# [Exercise details]
In the entries below, begin at the line with "Sweet and dreamy, this" and stop after the line with "(Thanhuytphcm.vn) - Trong"; output those lines exactly and omit the pictures.

# [Provided entries]
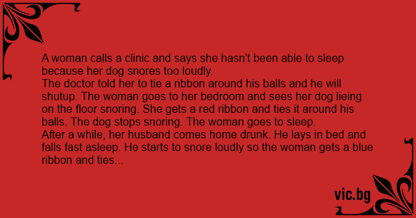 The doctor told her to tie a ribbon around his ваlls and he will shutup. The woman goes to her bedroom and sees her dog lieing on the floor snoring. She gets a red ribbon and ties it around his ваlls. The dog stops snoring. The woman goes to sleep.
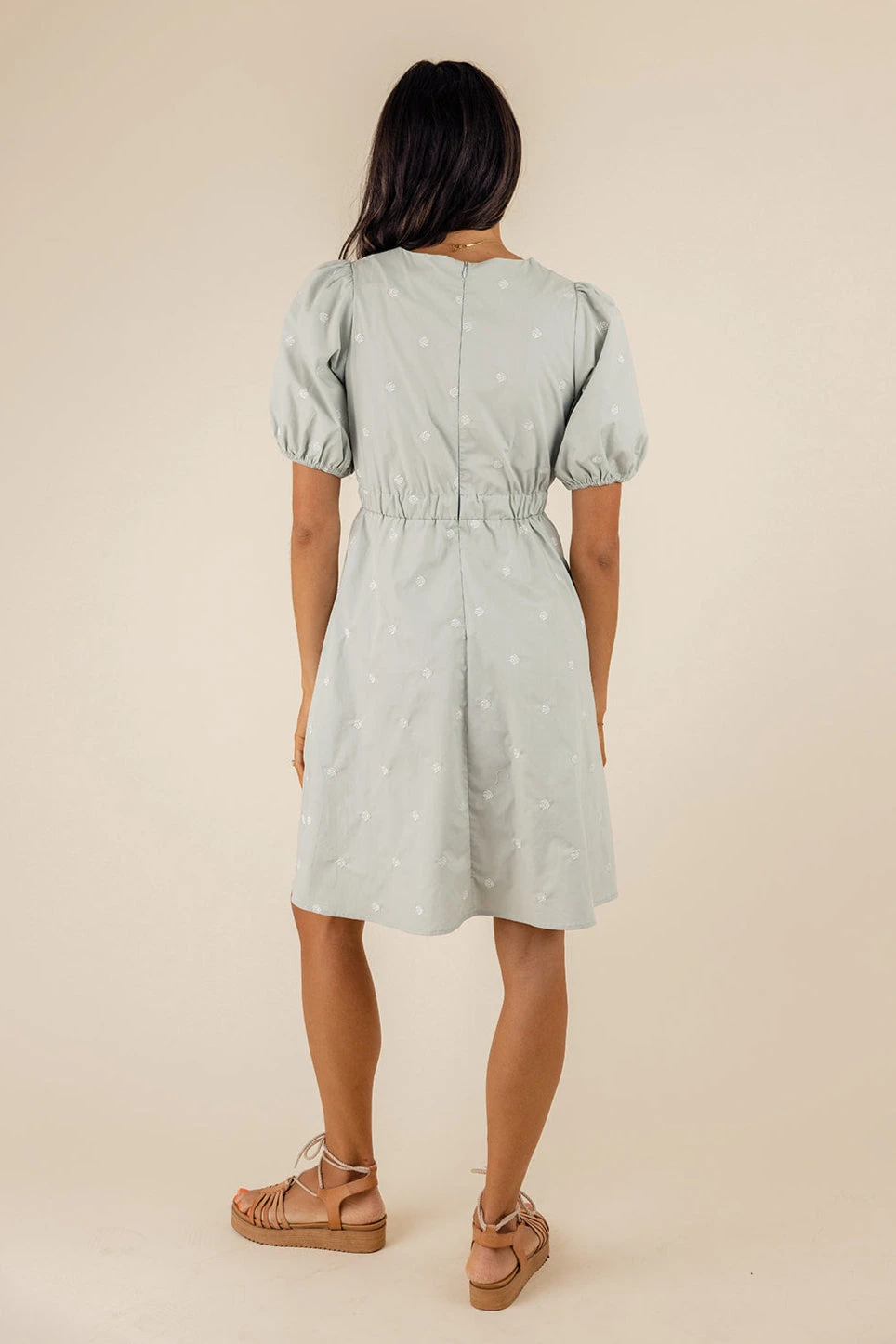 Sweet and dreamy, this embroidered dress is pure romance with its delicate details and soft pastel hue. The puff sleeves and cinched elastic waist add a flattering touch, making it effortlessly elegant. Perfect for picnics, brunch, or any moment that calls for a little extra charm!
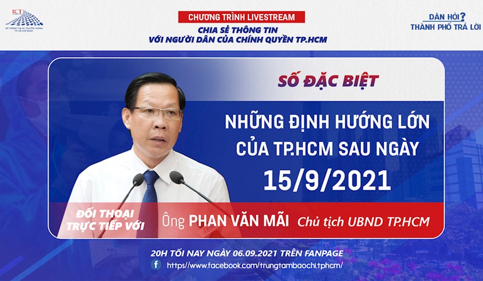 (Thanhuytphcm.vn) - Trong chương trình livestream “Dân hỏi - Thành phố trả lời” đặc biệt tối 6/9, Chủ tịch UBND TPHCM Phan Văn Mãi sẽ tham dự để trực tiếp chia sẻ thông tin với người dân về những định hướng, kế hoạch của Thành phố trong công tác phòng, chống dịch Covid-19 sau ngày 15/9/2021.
* * *
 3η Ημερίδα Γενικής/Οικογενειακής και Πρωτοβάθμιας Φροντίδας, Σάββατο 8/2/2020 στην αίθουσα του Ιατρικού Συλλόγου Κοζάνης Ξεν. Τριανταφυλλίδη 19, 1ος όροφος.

# [Answer area]
 Sweet and dreamy, this embroidered dress is pure romance with its delicate details and soft pastel hue. The puff sleeves and cinched elastic waist add a flattering touch, making it effortlessly elegant. Perfect for picnics, brunch, or any moment that calls for a little extra charm!
 (Thanhuytphcm.vn) - Trong chương trình livestream “Dân hỏi - Thành phố trả lời” đặc biệt tối 6/9, Chủ tịch UBND TPHCM Phan Văn Mãi sẽ tham dự để trực tiếp chia sẻ thông tin với người dân về những định hướng, kế hoạch của Thành phố trong công tác phòng, chống dịch Covid-19 sau ngày 15/9/2021.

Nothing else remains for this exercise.